Dinah está pálida. A mí se me retuercen las tripas. Llevamos dos días y una noche de ayuno. Tenemos que estar purificados para mañana. Menos mal que tenemos que recoger peras, y no bucear para pescar almejas como Abel, o cortar leña.
***
—Esta está mala —dice Dinah.
Aprieto la fruta ambarina con delicadeza.
—Está buena.
Hago ademán de ponerla con las otras. Las peras están conversando, susurran en sus membranas de papel marrón. El aroma blanco que sale de la caja hace que me cante la boca. Bebo un sorbo de agua de la jarra de barro. Eso ayuda un poco.
Dinah me quita la pera de la mano y señala.
—Está agusanada, ha entrado por aquí. ¿Ves? No tiene arreglo. Habrá puesto huevos.
Es una marca minúscula, del tamaño de la huella de una hormiga.
—Es una marca del calor. —Vuelvo a coger la pera—. No es nada, Dinah.
—Pues espero que seas tú y no yo quien le dé al tío una pera podrida de postre.
Siento afán protector hacia la pera.
—Está buena. —Me la guardo en el bolsillo del delantal. Cuando rompamos el ayuno, me la comeré y le enseñaré a Dinah la pulpa blanca y limpia. La pera se aprieta contra mi cadera y bulle de emoción.
Dinah se da media vuelta y se encoge de hombros.
—Dinah, Dinah —canturreo—. Tienes la melena fina. Dinah, Dinah, Dinah, ¡hueles como un pez sin espinas!
Le tiro de una hebra de cobre oscuro que se le ha salido de la trenza y le cae sobre los hombros. Se va a enfadar conmigo, pero cualquier cosa con tal de que no me ignore. Dinah me lanza un papirotazo, pero hace lo que puede por contener la risa.

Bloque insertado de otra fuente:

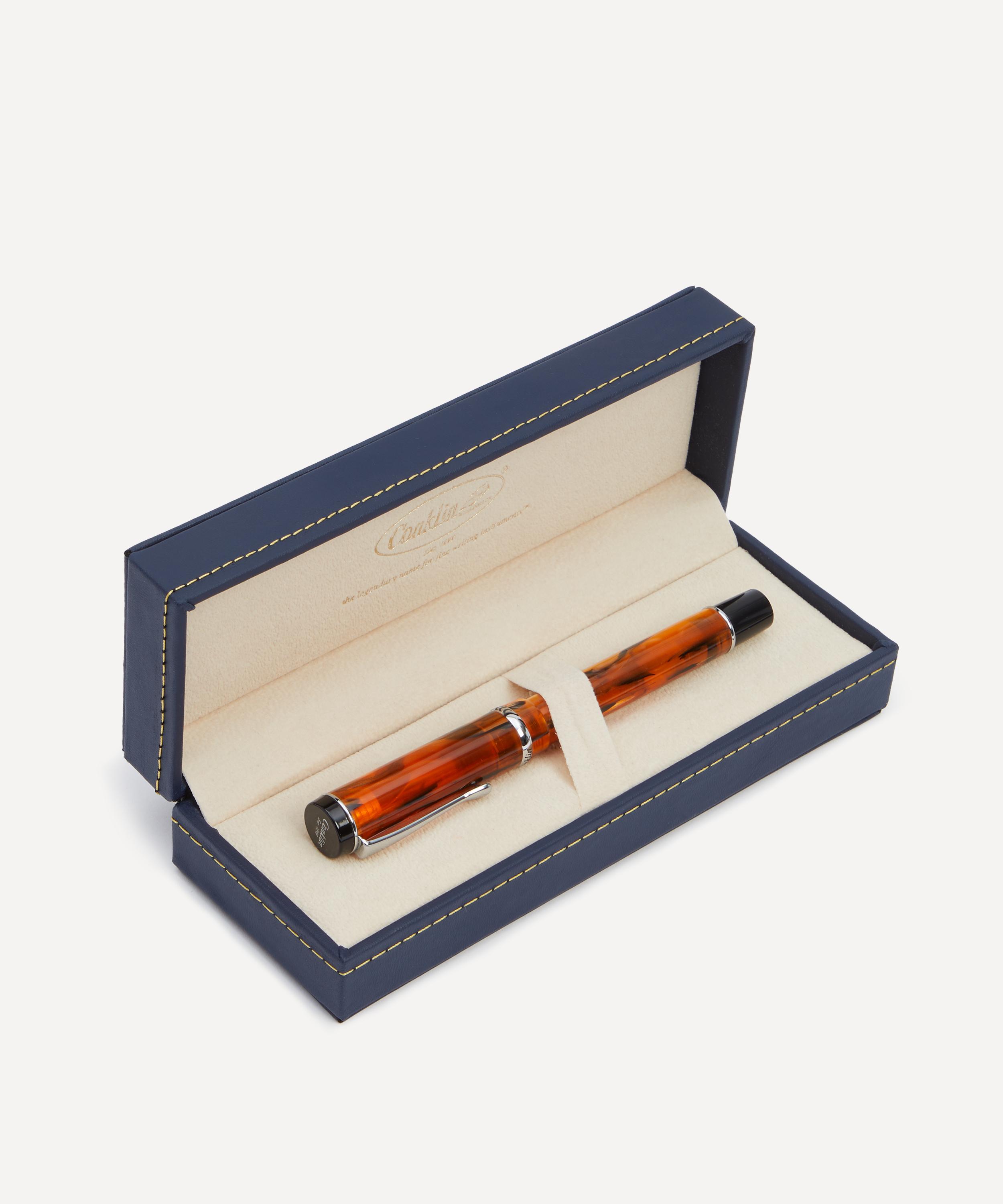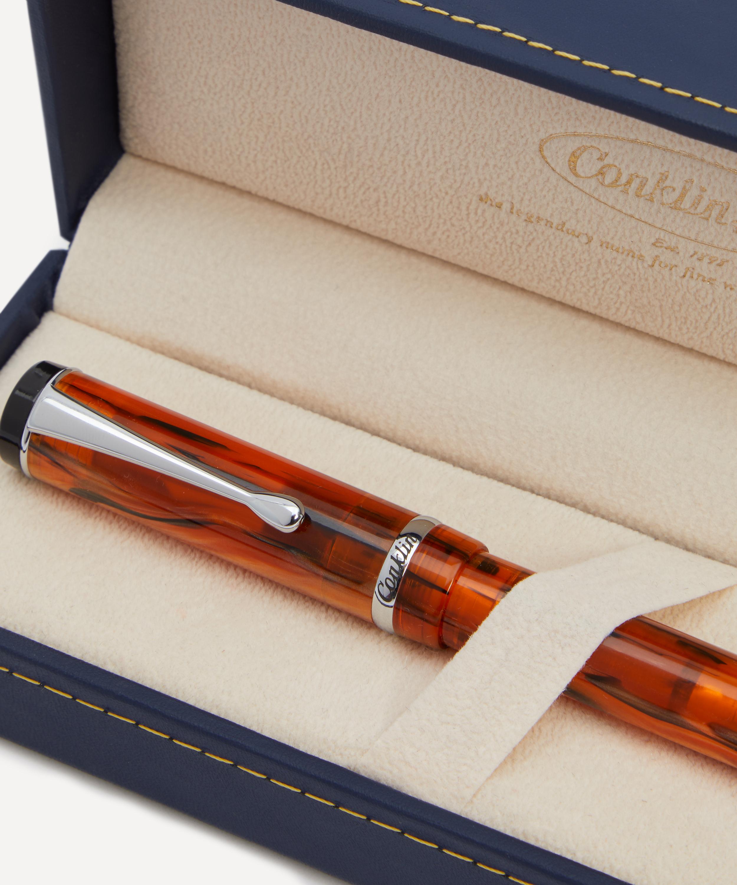 This pen is an exquisite example of Conklins’ attention to detail - the cap is adorned with the Conklin Est. 1898 logo and is engraved with the company’s three iconic crescents, with its warm amber hue made up of handmade resins. Finished with a steel nib results for smooth and comfortable writing experience, this pen is a chic essential in your workspace or a perfect gift to a loved one with literary tendencies.

El árbol viejo cruje con la brisa salada. Algunas ramas bajas tocan el suelo y las hojas hacen cosquillas a la tierra. Hay muchas peras, doradas, gordas. Estos días antes del solsticio de verano han sido soleados. Buen clima para las peras. Pero algo flota en el aire. La brisa trae un aroma tenue.
—Viene tormenta —digo.
—La caja está llena. Si metemos más se echarán a perder. Llévalas abajo.
—No —digo para asustarla—. Yo me quedo aquí a coger más. Llévalas tú abajo.

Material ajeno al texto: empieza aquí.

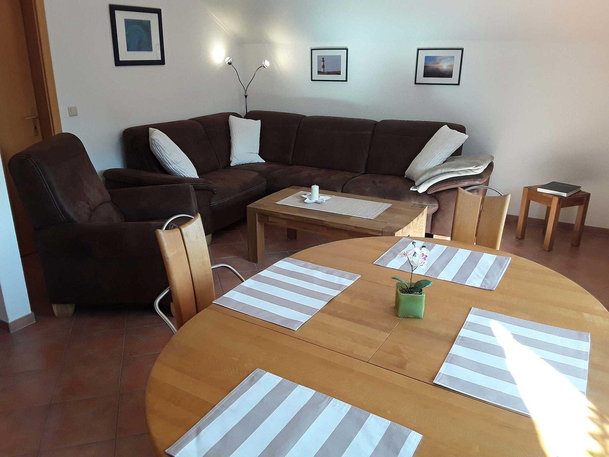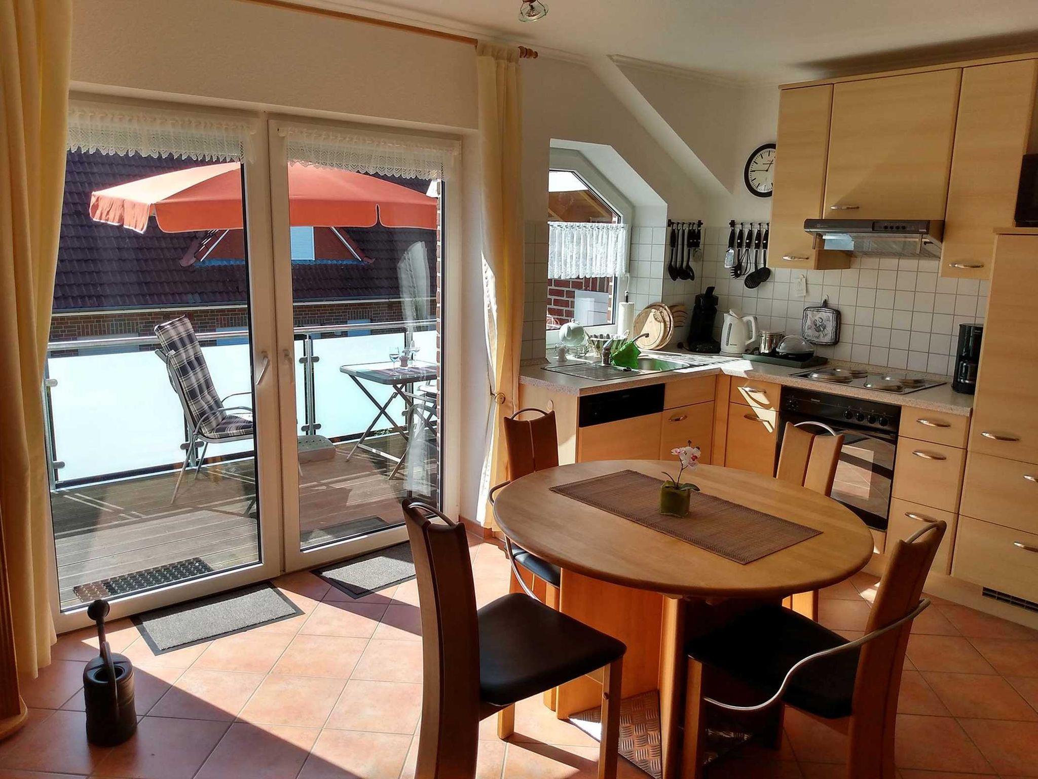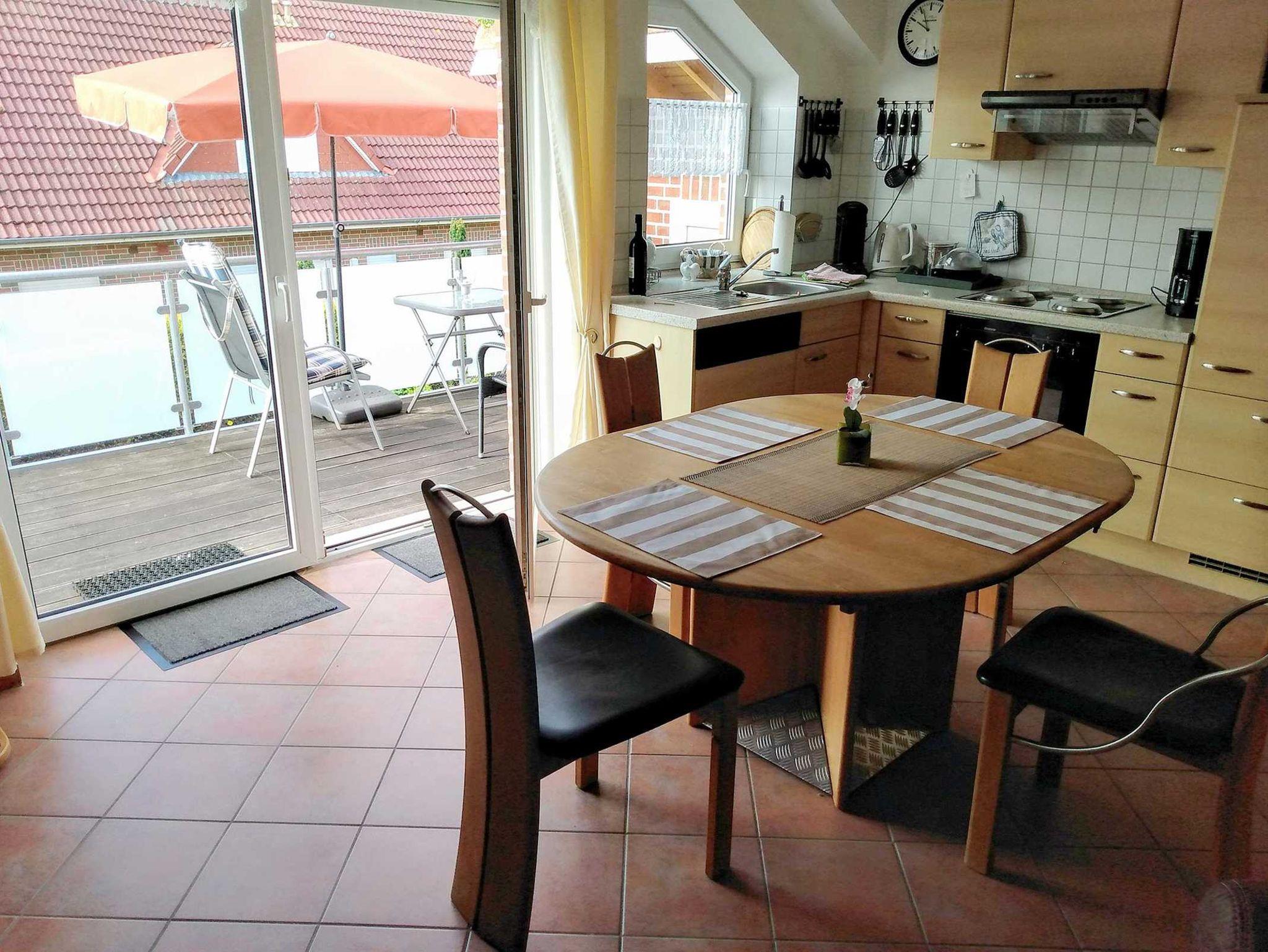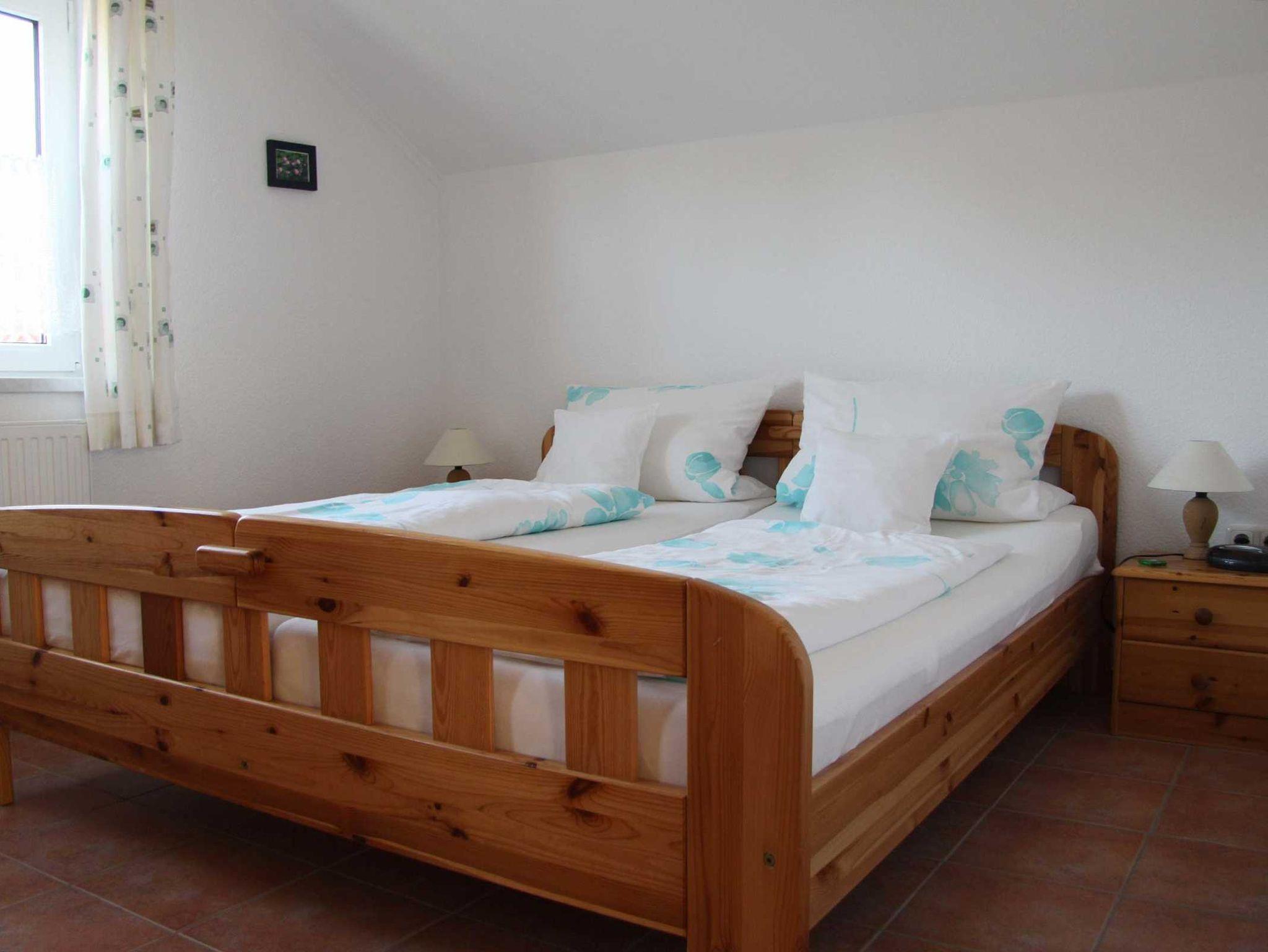 Schöne Nichtraucher-Ferienwohnung im Obergeschoss mit separatem Eingang, geeignet für bis zu 4 Personen inkl. Kleinkind. Gemütliches Wohnzimmer mit SAT-TV, DVD und Stereoanlage. Komplett eingerichtete Einbauküche mit Spülmaschine und Essecke. Zugang zum großen Südbalkon. Waschmaschine ist vorhanden. 1 Schlafzimmer mit Doppelbett. 1 Schlafzimmer mit variabler Bettcouch und Kinderreisebett/Hochstuhl. Bad mit Dusche/WC. Die Wohnung ist komplett gefliest und mit Fußbodenheizung ausgestattet. Fährräder, Kindersitz und Bollerwagen stehen Ihnen zur kostenlosen Nutzung zur Verfügung. Haustiere sind leider nicht erlaubt.

A Dinah se le estremece la piel entera.
—Por favor, Eve —se limita a decir—. No puedo.
Levanto la caja y voy hacia las ruinas de la colina. Aquí hubo en el pasado una iglesia. La construyeron los impuros. También plantaron el peral. Ya no están y se ha derrumbado; la nave invadida por la hierba ha quedado abierta al aire del mar. Ladera arriba se alza el castillo, que domina la isla como un centinela. En esta misma ladera se encuentran las colmenas. Dentro hay miel, en panales de cera. Cuánto la desea mi boca. Cuánta hambre tengo. Pero la miel solo se puede tomar de la mano de la Víbora.
El pie se me queda enganchado. De repente, mi peso cambia, mi forma cambia en el aire. La tierra se inclina, el equilibrio ya no existe. Me voy a caer, la caja se romperá, y las peras reventarán entre gritos.
Me enderezo como puedo con la piel cosquilleante y doy una patada a las raíces fibrosas. Un arbusto de hojas oscuras y brillantes, con flores del color de un ocaso nublado. Parece que quiere estrangular la tierra. Es el reptador, o así lo llamo yo. El tío trajo al reptador de muy lejos y lo plantó aquí, en Altnaharra. No se parece a ninguna otra planta de la isla. Habla de distancia, de montañas frías donde escasea el aire y solo pueden subir las cabras con sus patas astutas que se aferran a todo. Nunca me ha gustado. Significa que hubo un tiempo anterior a la llegada del tío a la isla, anterior a los niños, anterior a mi existencia. Es una idea terrible, como aventurarse en el espacio.
Junto a las siete piedras, dejo la caja en el suelo y pongo las palmas de las manos sobre Ben el Frío. Hubo otros aquí antes de los Impuros. Los antiguos, los que lo conocieron a Él. Los que hicieron el círculo. Pero desaparecieron hace mucho. Ciclos más tarde, cuando todos habían olvidado ya el propósito de las piedras, los aldeanos trajeron aquí a las brujas para quemarlas metidas hasta la cintura en barriles de brea. Si me quedo muy quieta, en silencio, oigo bajo la brisa el crepitar del pelo al prenderse fuego. A las piedras no les importan los asuntos mortales. No piensan bien ni mal de nosotros. Pero recuerdan.
Muchas vidas han pasado en Altnaharra. Nosotros seremos las últimas.